Requires-Dist: flake8>=3.9.0; extra == "dev"
Dynamic: author
Dynamic: author-email
Dynamic: classifier
Dynamic: description
Dynamic: description-content-type
Dynamic: home-page
Dynamic: provides-extra
Dynamic: requires-dist
Dynamic: requires-python
Dynamic: summary

# Web Content Scraper - README

## Overview

The Web Content Scraper is a comprehensive Python tool for extracting and processing various types of web content including text, images, audio, video, and tabular data.
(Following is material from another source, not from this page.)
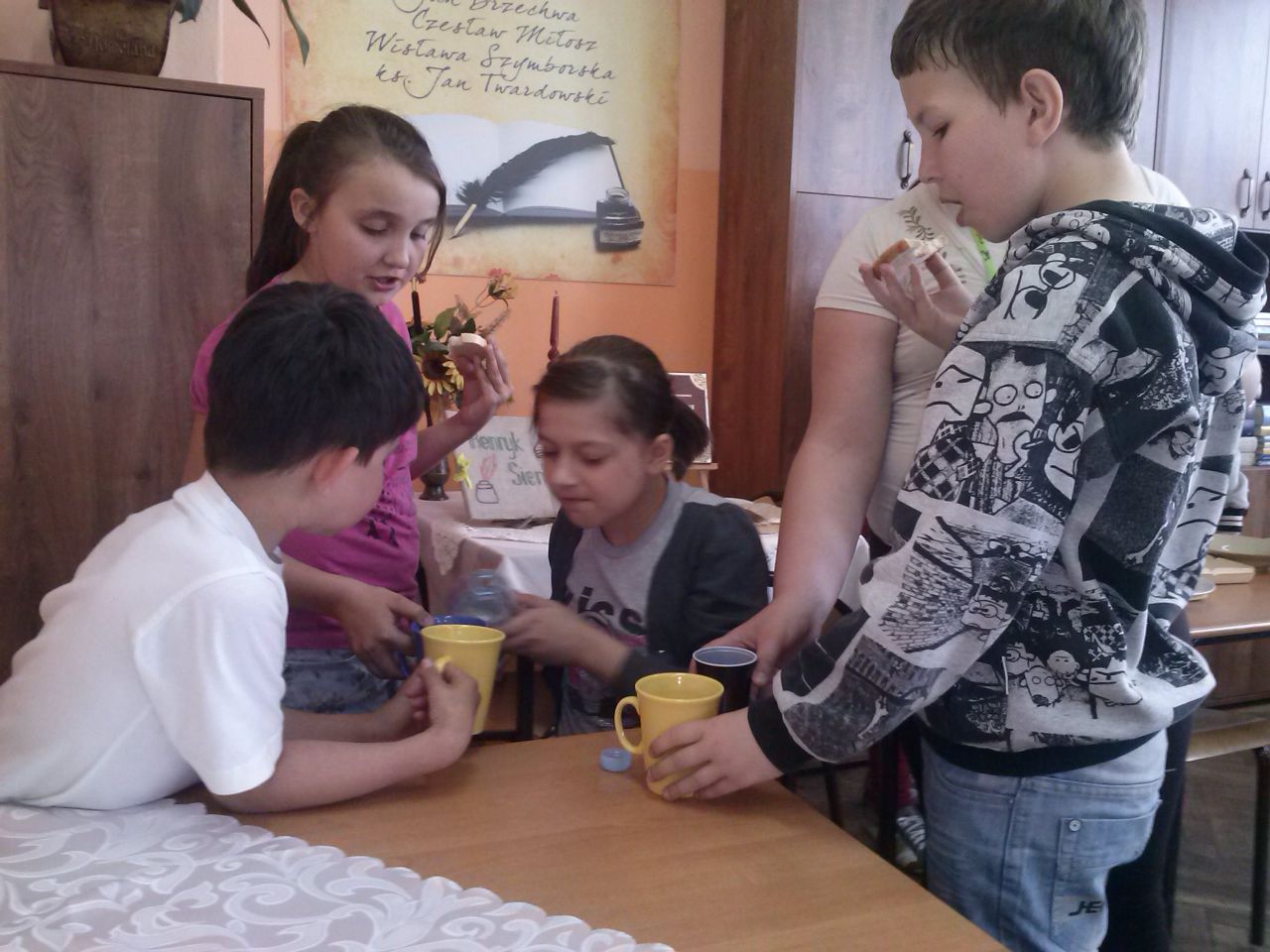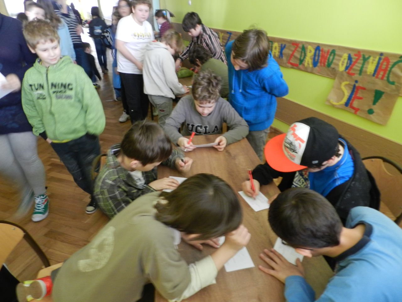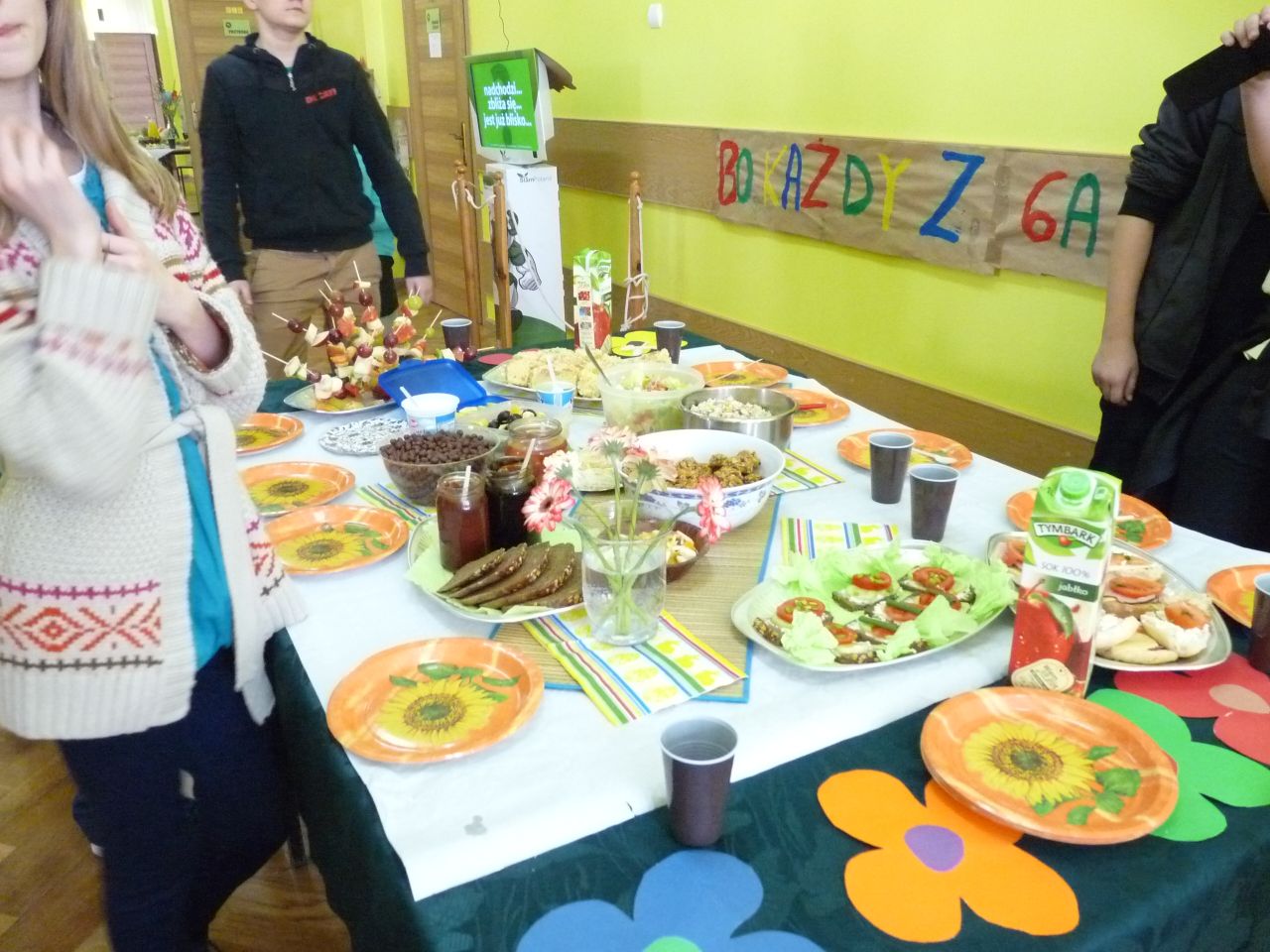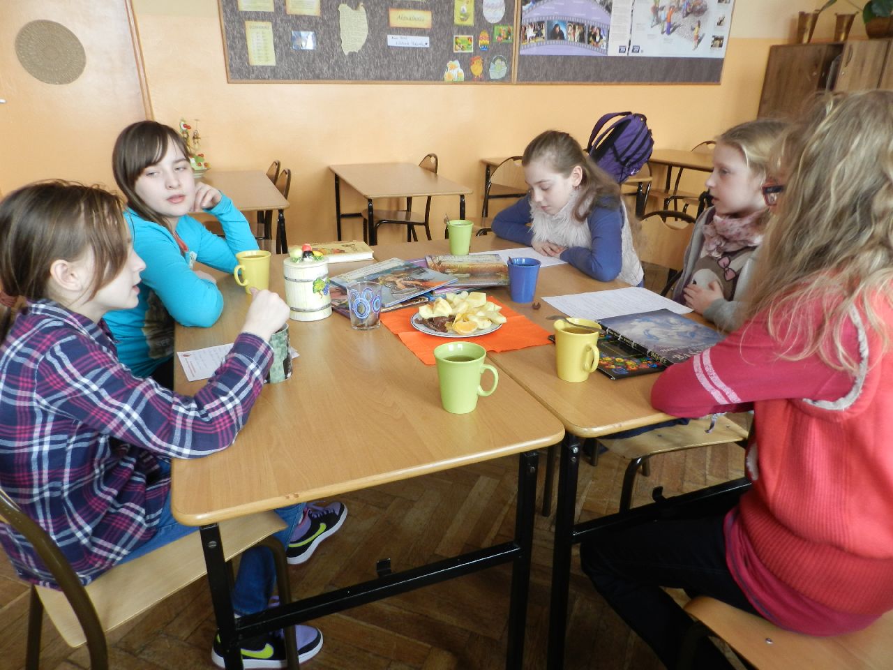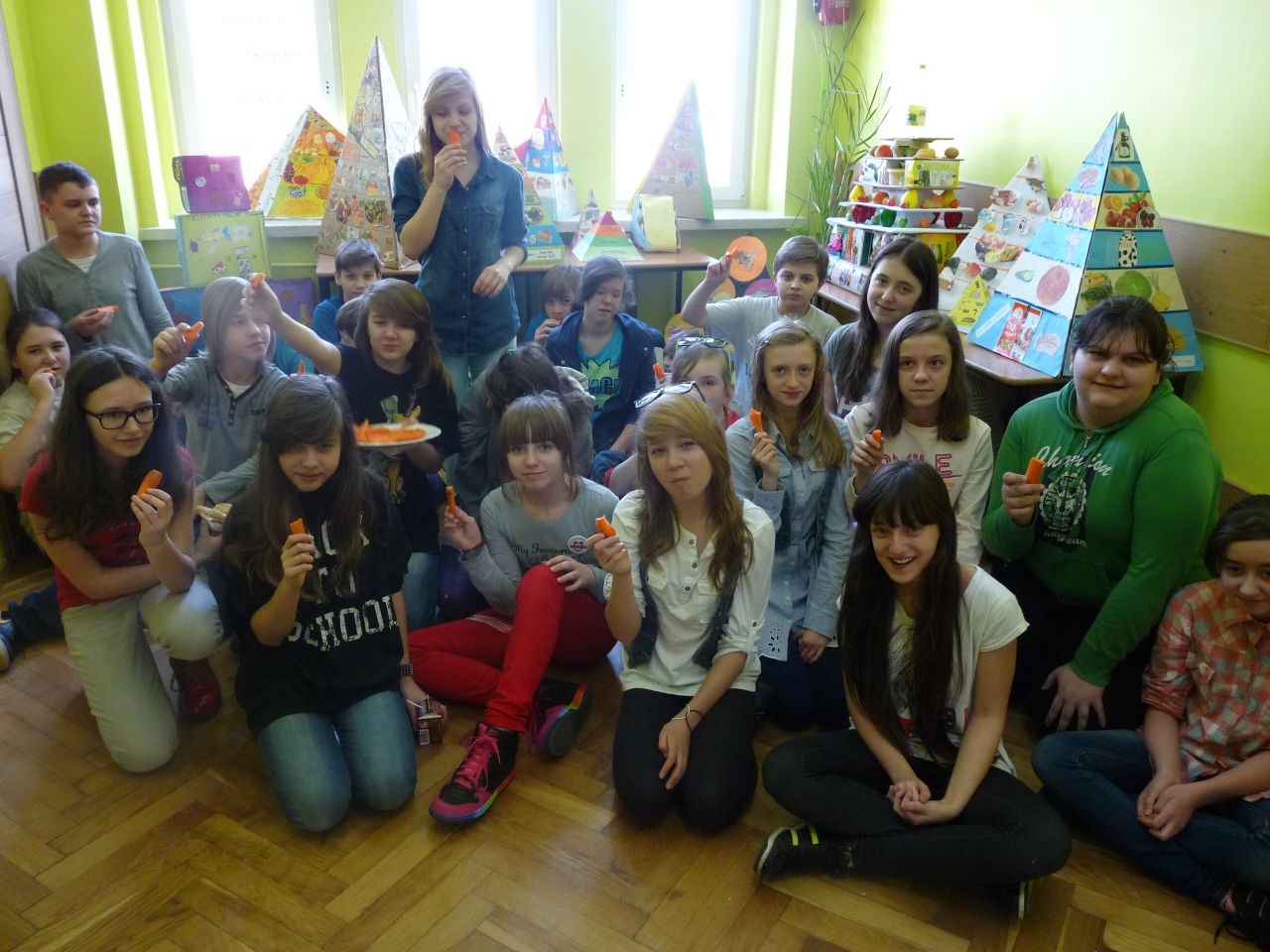 W związku z tym 8 listopada każda klasa w Jedynce wg własnego pomysłu organizowała zdrowe śniadanie. Była to świetna zabawa o dużych walorach edukacyjnych. Dzieci z apetytem jadły ciemne pieczywo z gzikiem lub domowymi konfiturami. Dużym powodzeniem ciszyły się sałatki owocowe i warzywne, kolorowe kanapki a do picia kompoty i domowej roboty soki. W tym dniu zamiast chipsów dzieci chrupały marchew, zamiast słodkich groszków wyciągały rękę po winogrono.

The package is organized into three main classes with distinct functionalities:

- `html`: Web content extraction and parsing
- `run`: Direct content downloading
- `show`: Content display and playback

## Features

### 1. `html` Class

#### Text Extraction

```python
html.txt(mode, url, content_class, next_page_class, content_tag='div', next_page_tag='div', base_url='https:/', link_index=None)
```

- `mode`: Extraction mode ('br' or 'p')
- `url`: Starting URL
- `content_class`: Class of content container
- `next_page_class`: Class of next page link container
- `content_tag`: HTML tag of content (default 'div')
- `next_page_tag`: HTML tag containing next page link (default 'div')
- `base_url`: Base URL for relative links (default 'https:/')
- `link_index`: Index of <a> tag if multiple exist (default None)

#### Image Downloading

```python
html.img(url, container_class=None, url_prefix=None)
```

- `url`: Target webpage URL
- `container_class`: Class of image container (optional)
- `url_prefix`: URL prefix for relative image paths (optional)

#### Audio Downloading

```python
html.audio(url, container_class=None)
```

- `url`: Target webpage URL
- `container_class`: Class of audio container (optional)

#### Table Extraction

```python
html.table(url, sort_order=None, sort_column='')
```

- `url`: Webpage URL containing table
- `sort_order`: None/True/False for no sort/ascending/descending
- `sort_column`: Column name to sort by

### 2. `run` Class

#### Direct Downloads

```python
run.music(url, output_name='1')
run.video(url, output_name='1', url_prefix=None)
run.txt(url, output_name='1')
run.table(url, sort_order=None, sort_column='')
```

- `url`: Direct media URL
- `output_name`: Output filename (without extension)
- `url_prefix`: URL prefix for video fragments (optional)

### 3. `show` Class

#### Content Display

```python
show.txt(mode, filename, start=1, end=1)
show.image(filename)
show.music(filename)
show.video(filename)
```

- `mode`: Display mode ('连续' for sequence or '单个' for single file)
- `filename`: Base filename (without extension)
- `start`: First file in sequence
- `end`: Last file in sequence

## Excel Handling Functions

```python
handle_excel(mode='merge')
```

- `mode`: Operation mode ('merge', 'statistics', or 'duplicate')

## Dependencies

- Core:
  
  - `requests>=2.25.0`
  - `beautifulsoup4>=4.9.0`
  - `lxml>=4.6.0`
  - `Pillow>=8.0.0`

- Media:
  
  - `audioplayer>=0.7`
  - `moviepy>=1.0.0`

- Data:
  
  - `pandas>=1.2.0`
  - `openpyxl>=3.0.0`

## Usage Examples

### Text Extraction

```python
# Extract text from multiple pages
html.txt('br', 'https://example.com/page1', 'article-content', 'pagination', 'div', 'nav', 'https://example.com', 0)
```

### Image Download

```python
# Download all images from a gallery
html.img('https://example.com/gallery', 'gallery-container', 'https://cdn.example.com')
```

### Play Downloaded Content

```python
# Play the first downloaded audio file
show.music('1')
```

## Notes

1. Always check website terms of service before scraping
2. Consider adding delays between requests to avoid overloading servers
3. The User-Agent header mimics Chrome browser to reduce blocking
4. Error handling is basic - consider adding more specific exception handling

For more detailed examples, see the `examples/` directory in the package.